MATERIAL SHOWN
§
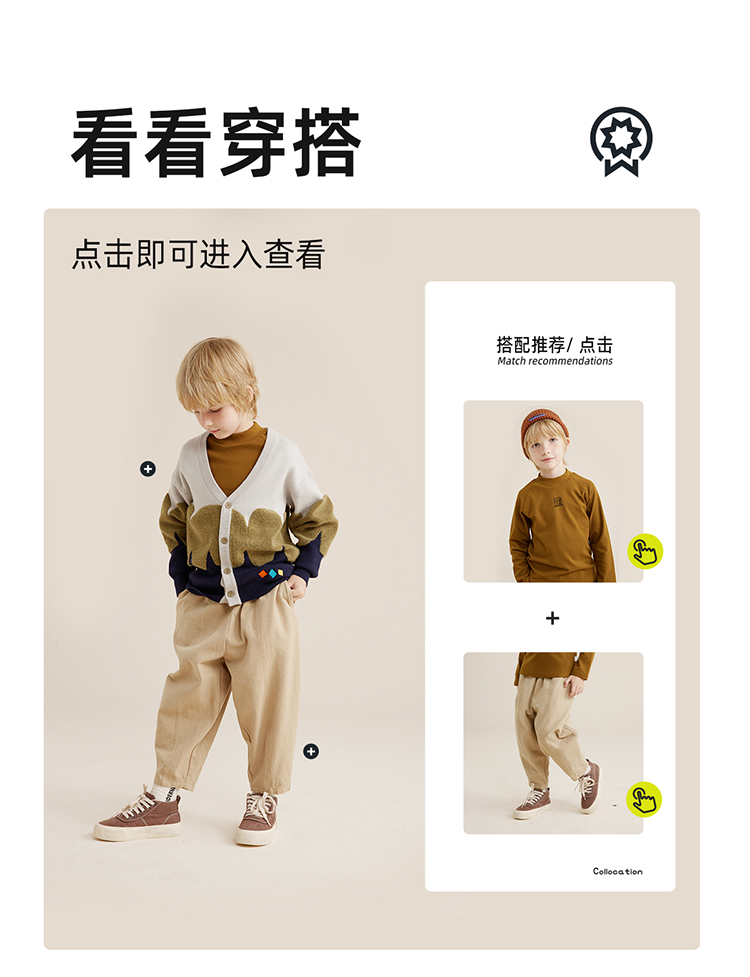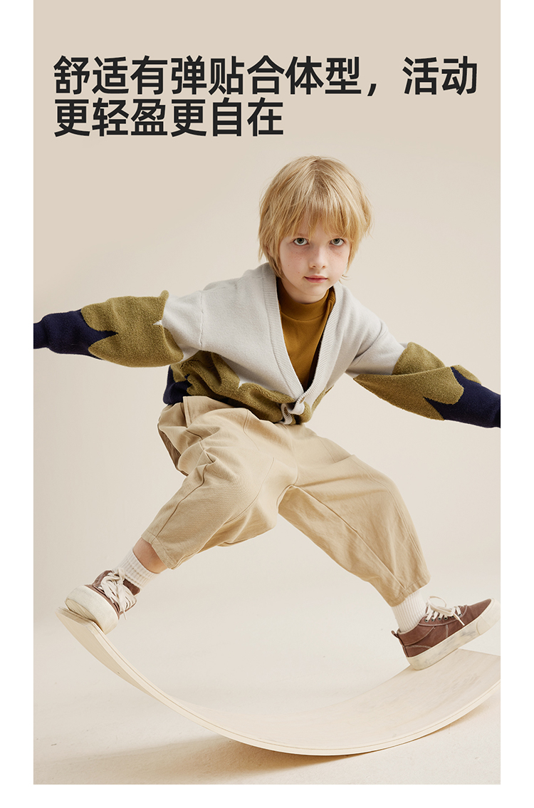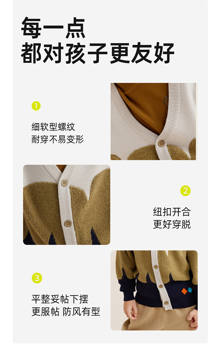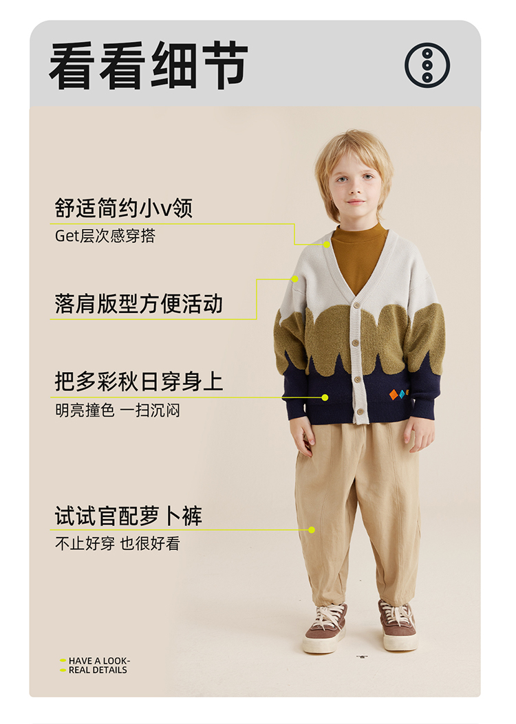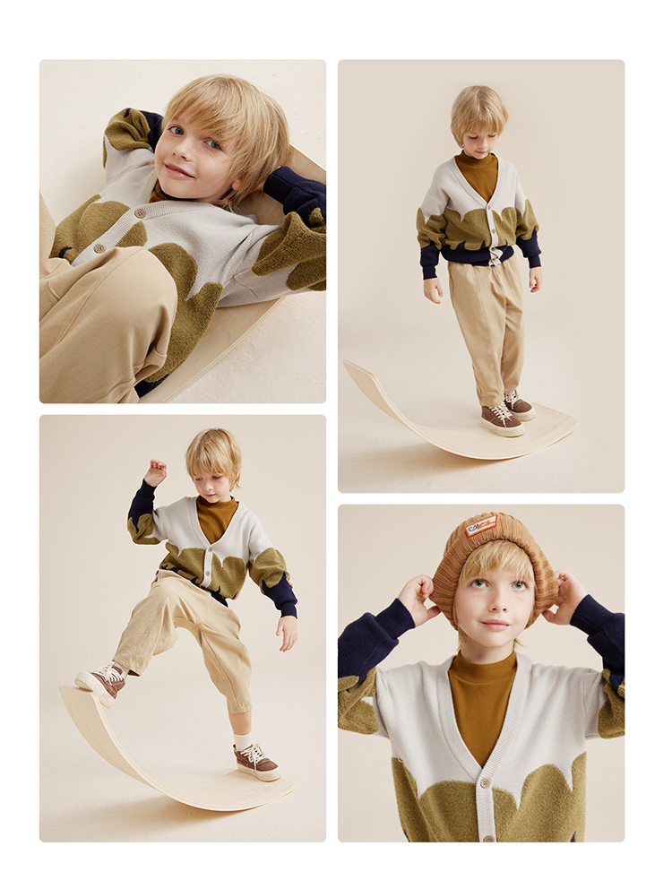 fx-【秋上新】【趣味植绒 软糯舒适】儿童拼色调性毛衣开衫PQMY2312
§
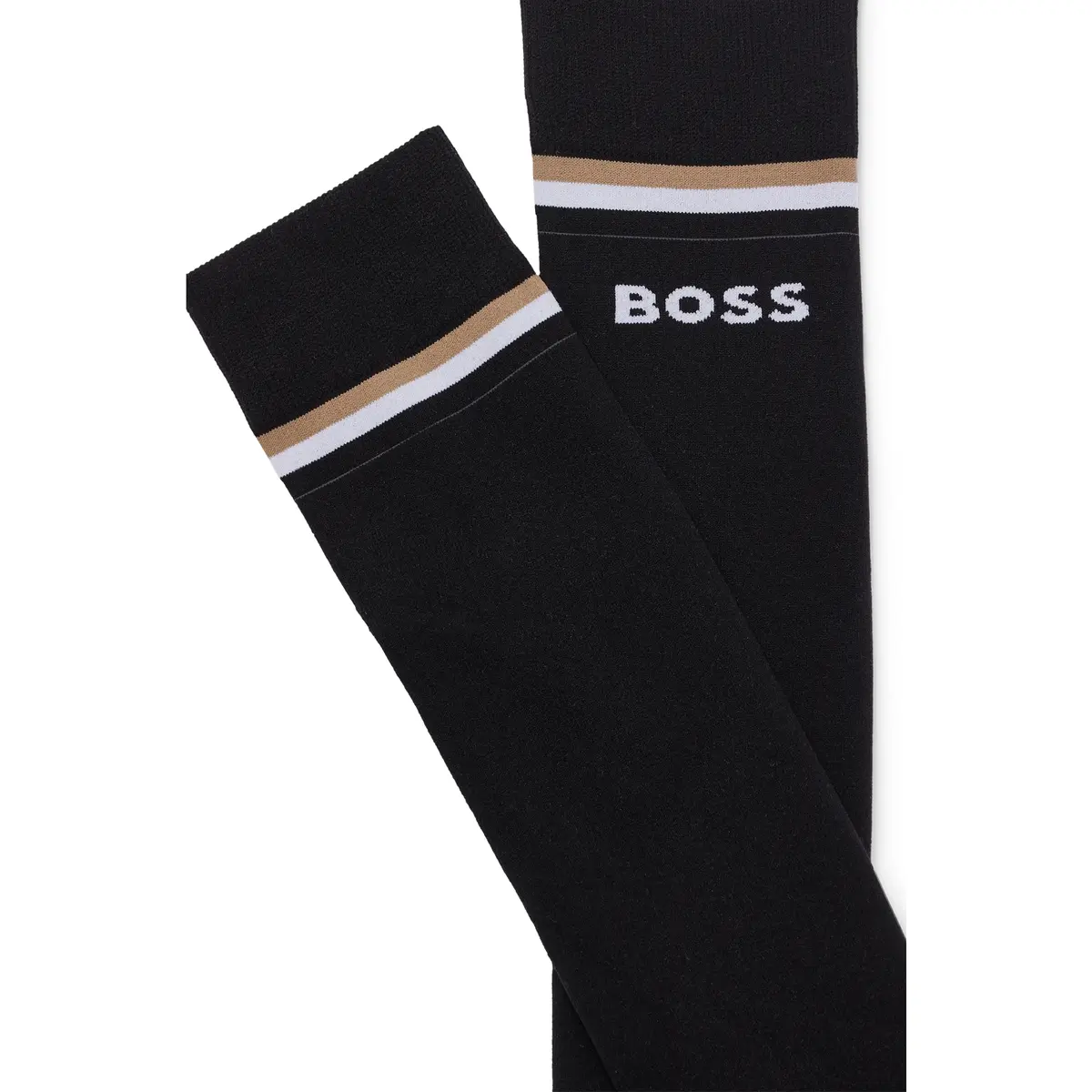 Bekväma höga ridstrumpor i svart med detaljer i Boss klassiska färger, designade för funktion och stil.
§
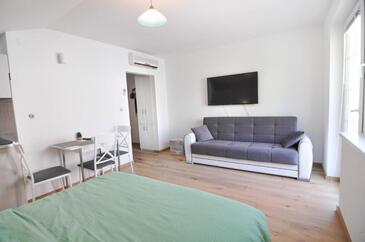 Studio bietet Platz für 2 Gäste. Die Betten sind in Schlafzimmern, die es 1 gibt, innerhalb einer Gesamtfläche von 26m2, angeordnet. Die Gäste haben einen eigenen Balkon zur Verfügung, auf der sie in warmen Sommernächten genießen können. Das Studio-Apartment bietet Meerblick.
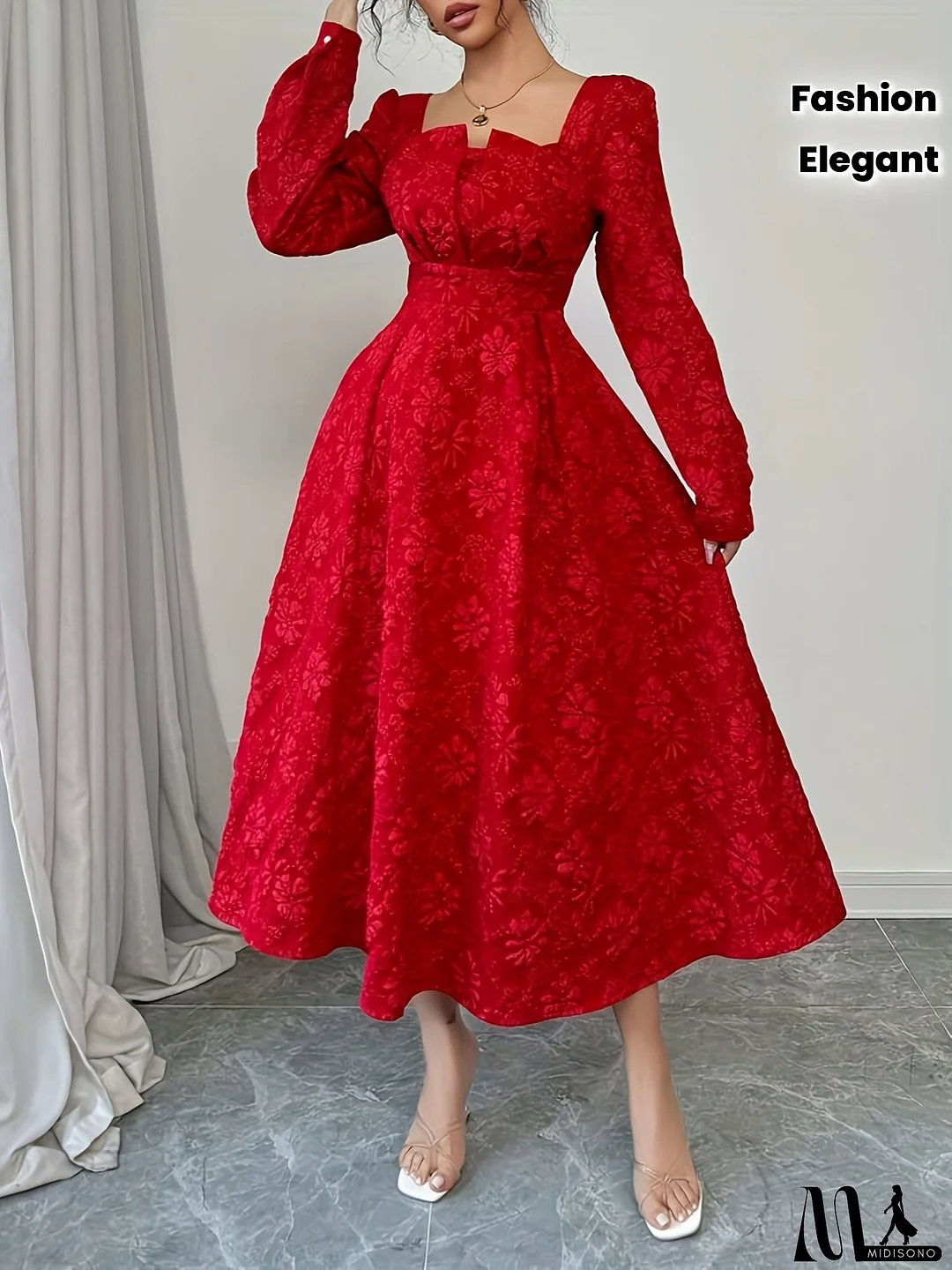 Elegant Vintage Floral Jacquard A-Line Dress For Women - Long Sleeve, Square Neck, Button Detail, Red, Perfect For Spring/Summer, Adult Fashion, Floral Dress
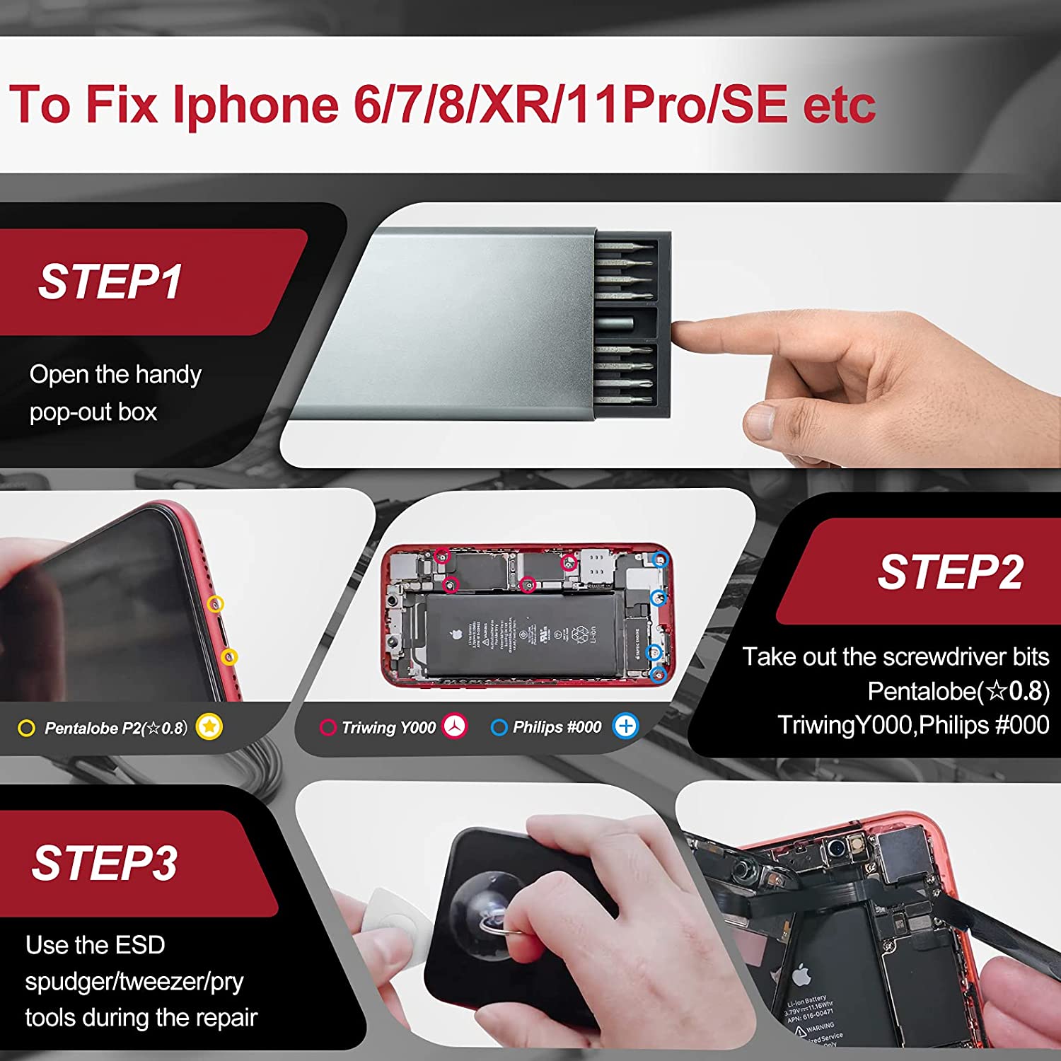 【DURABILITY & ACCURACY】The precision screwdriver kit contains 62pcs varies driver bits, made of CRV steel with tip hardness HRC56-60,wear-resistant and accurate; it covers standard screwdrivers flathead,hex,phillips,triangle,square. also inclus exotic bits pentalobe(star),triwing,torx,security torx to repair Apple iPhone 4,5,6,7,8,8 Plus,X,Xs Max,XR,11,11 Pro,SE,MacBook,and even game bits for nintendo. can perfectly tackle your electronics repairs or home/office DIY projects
§
TASK BRIEF
I would like the exact lines from the data above, starting with the one that holds "Elegant Vintage Floral" and going on through the one that holds "home/office DIY projects", without the pictures.

OUTPUT OF THE TASK
 Elegant Vintage Floral Jacquard A-Line Dress For Women - Long Sleeve, Square Neck, Button Detail, Red, Perfect For Spring/Summer, Adult Fashion, Floral Dress
 【DURABILITY & ACCURACY】The precision screwdriver kit contains 62pcs varies driver bits, made of CRV steel with tip hardness HRC56-60,wear-resistant and accurate; it covers standard screwdrivers flathead,hex,phillips,triangle,square. also inclus exotic bits pentalobe(star),triwing,torx,security torx to repair Apple iPhone 4,5,6,7,8,8 Plus,X,Xs Max,XR,11,11 Pro,SE,MacBook,and even game bits for nintendo. can perfectly tackle your electronics repairs or home/office DIY projects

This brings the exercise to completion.